## HOW TO COMPLETE THIS TASK:
The entries below contain a stretch that opens with the line containing "Beautiful duplex featuring" and closes with the line containing "Acordo Coletivo de"; set down that stretch exactly, both ends included, and nothing else.

━━ RAW DATA ━━

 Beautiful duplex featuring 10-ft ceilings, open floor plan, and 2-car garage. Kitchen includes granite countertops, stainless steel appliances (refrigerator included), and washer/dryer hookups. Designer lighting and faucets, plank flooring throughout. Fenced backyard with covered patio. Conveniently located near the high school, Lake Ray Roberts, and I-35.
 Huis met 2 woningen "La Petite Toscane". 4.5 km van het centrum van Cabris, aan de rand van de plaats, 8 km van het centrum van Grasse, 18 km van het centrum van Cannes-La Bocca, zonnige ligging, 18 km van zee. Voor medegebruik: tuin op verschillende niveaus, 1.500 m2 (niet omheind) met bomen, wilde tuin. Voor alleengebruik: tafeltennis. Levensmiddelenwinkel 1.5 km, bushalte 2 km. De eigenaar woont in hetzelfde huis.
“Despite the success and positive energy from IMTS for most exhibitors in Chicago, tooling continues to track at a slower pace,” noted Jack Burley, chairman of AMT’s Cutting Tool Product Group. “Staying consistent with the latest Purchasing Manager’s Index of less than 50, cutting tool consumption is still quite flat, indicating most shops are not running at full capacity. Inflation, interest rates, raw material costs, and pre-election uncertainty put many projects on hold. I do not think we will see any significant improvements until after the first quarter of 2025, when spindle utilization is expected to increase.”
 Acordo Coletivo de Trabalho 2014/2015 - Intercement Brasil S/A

━━━
━━ RAW DATA ━━

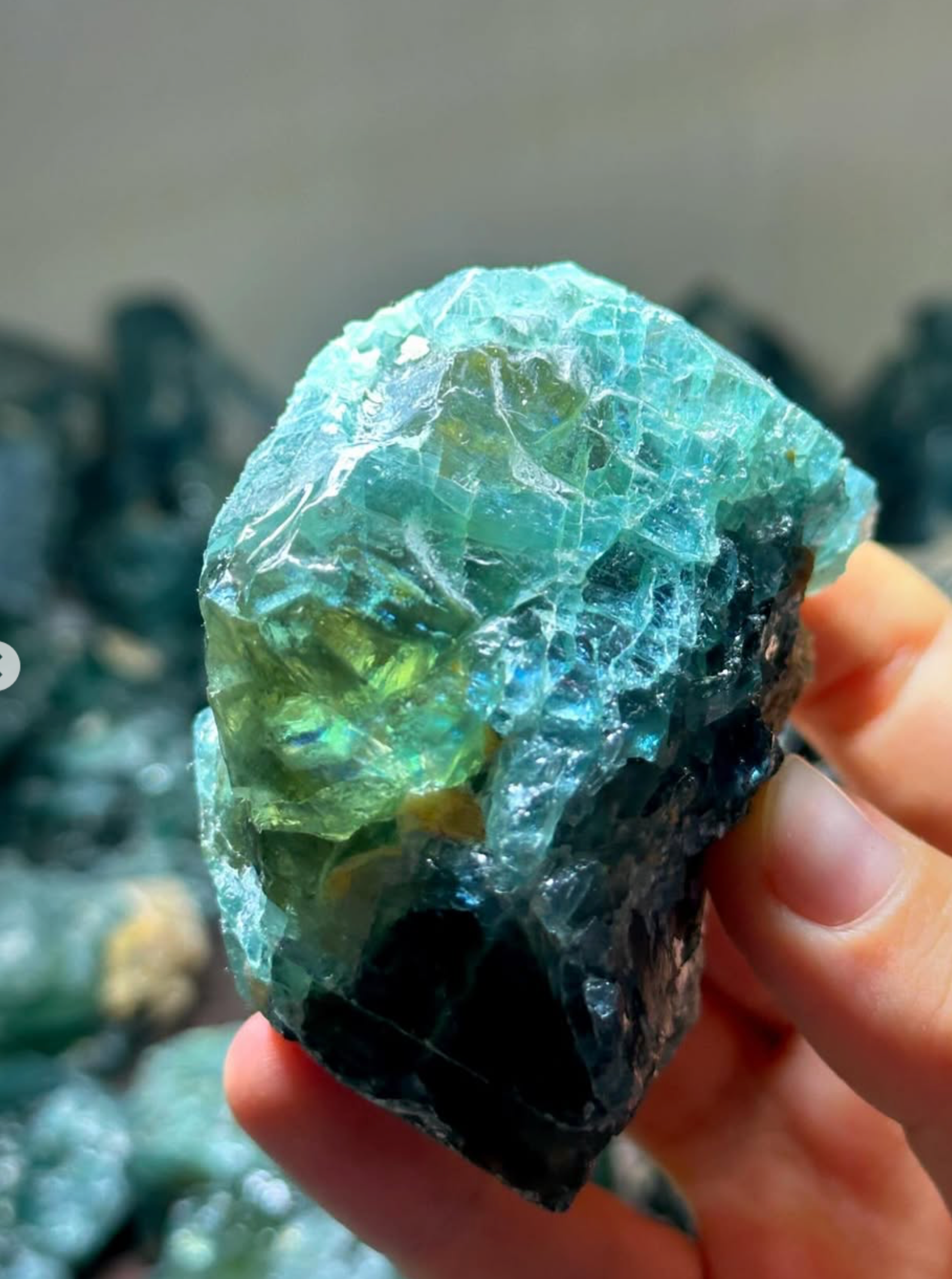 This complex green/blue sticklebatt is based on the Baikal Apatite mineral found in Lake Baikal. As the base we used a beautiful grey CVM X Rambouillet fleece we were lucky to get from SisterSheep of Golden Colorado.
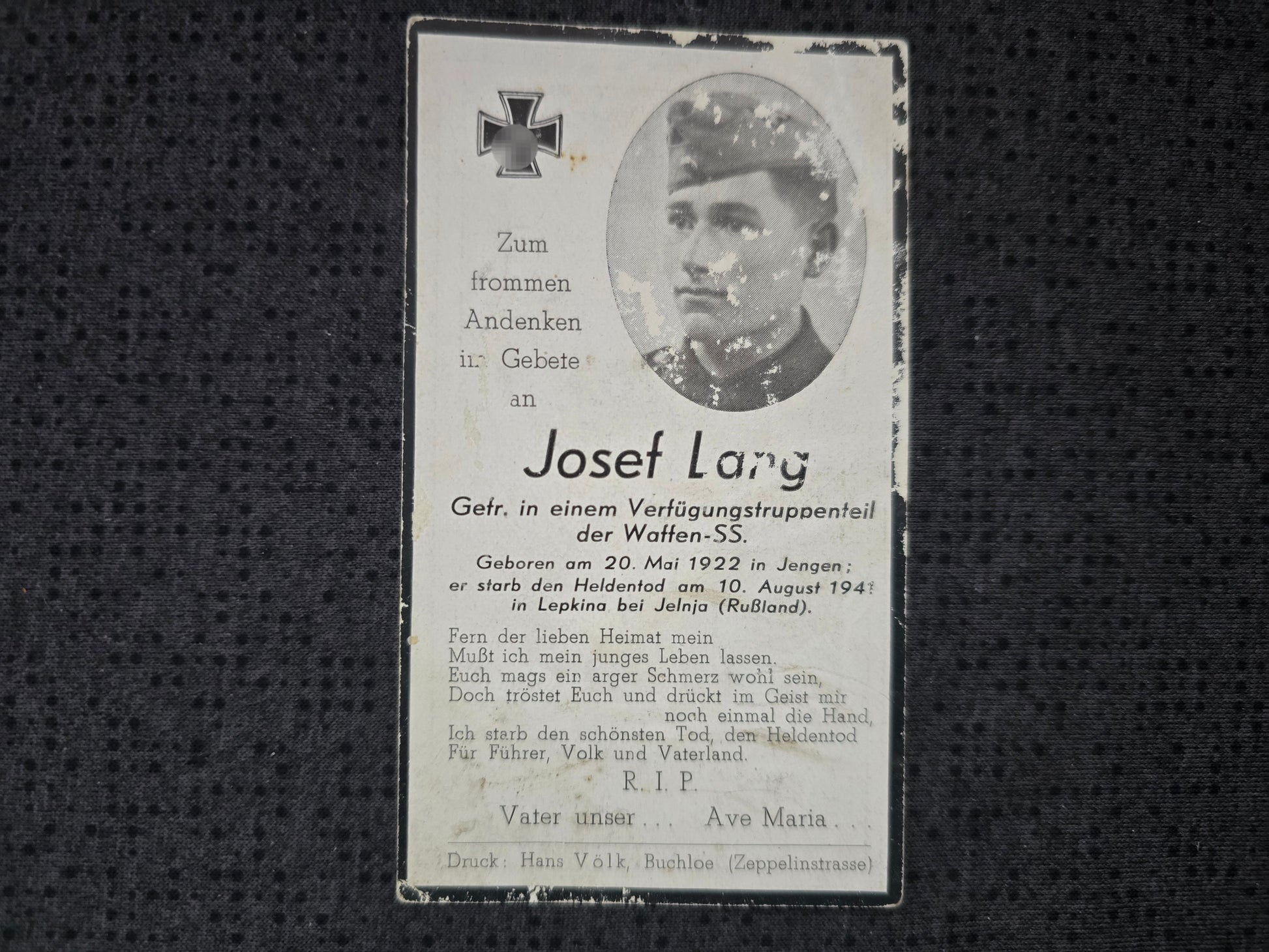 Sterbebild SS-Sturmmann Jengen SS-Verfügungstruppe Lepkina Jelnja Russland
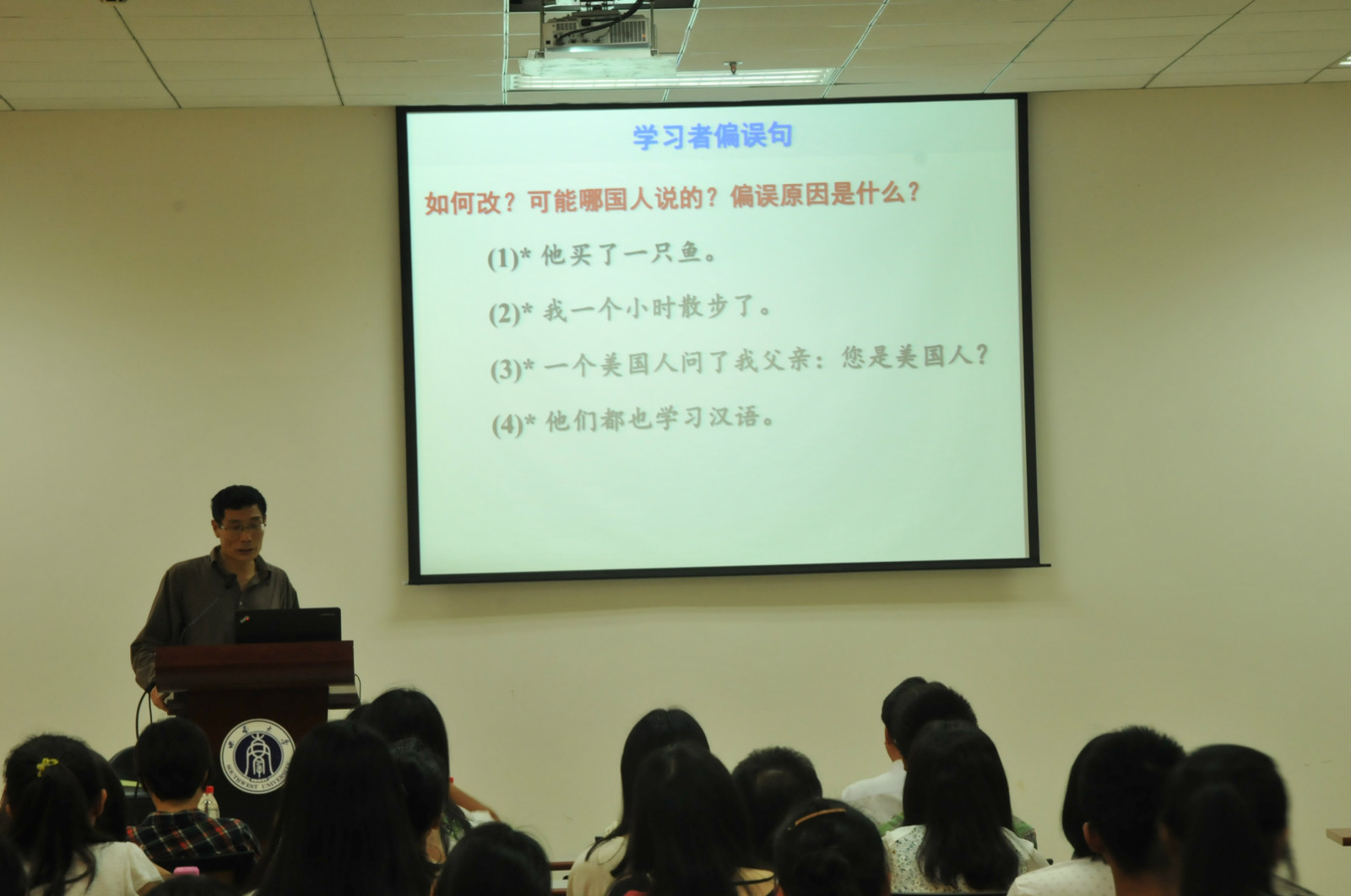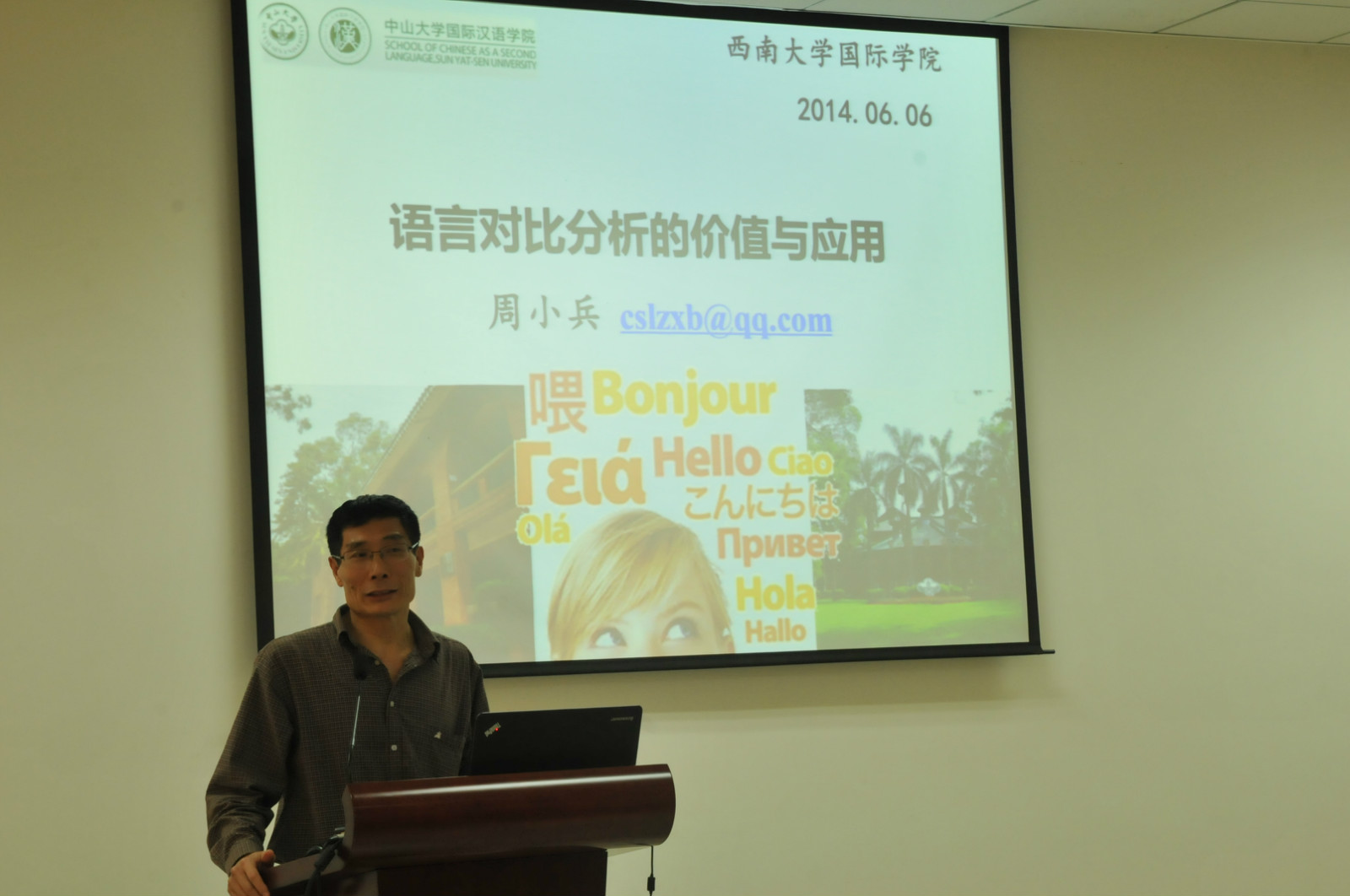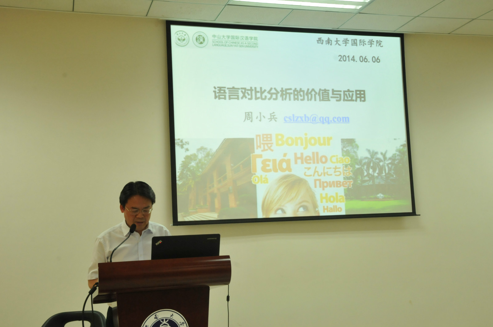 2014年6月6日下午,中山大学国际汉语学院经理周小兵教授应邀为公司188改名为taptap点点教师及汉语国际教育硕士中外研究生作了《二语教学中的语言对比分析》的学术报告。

━━━

## RESPONSE TO THIS TASK:
 Beautiful duplex featuring 10-ft ceilings, open floor plan, and 2-car garage. Kitchen includes granite countertops, stainless steel appliances (refrigerator included), and washer/dryer hookups. Designer lighting and faucets, plank flooring throughout. Fenced backyard with covered patio. Conveniently located near the high school, Lake Ray Roberts, and I-35.
 Huis met 2 woningen "La Petite Toscane". 4.5 km van het centrum van Cabris, aan de rand van de plaats, 8 km van het centrum van Grasse, 18 km van het centrum van Cannes-La Bocca, zonnige ligging, 18 km van zee. Voor medegebruik: tuin op verschillende niveaus, 1.500 m2 (niet omheind) met bomen, wilde tuin. Voor alleengebruik: tafeltennis. Levensmiddelenwinkel 1.5 km, bushalte 2 km. De eigenaar woont in hetzelfde huis.
“Despite the success and positive energy from IMTS for most exhibitors in Chicago, tooling continues to track at a slower pace,” noted Jack Burley, chairman of AMT’s Cutting Tool Product Group. “Staying consistent with the latest Purchasing Manager’s Index of less than 50, cutting tool consumption is still quite flat, indicating most shops are not running at full capacity. Inflation, interest rates, raw material costs, and pre-election uncertainty put many projects on hold. I do not think we will see any significant improvements until after the first quarter of 2025, when spindle utilization is expected to increase.”
 Acordo Coletivo de Trabalho 2014/2015 - Intercement Brasil S/A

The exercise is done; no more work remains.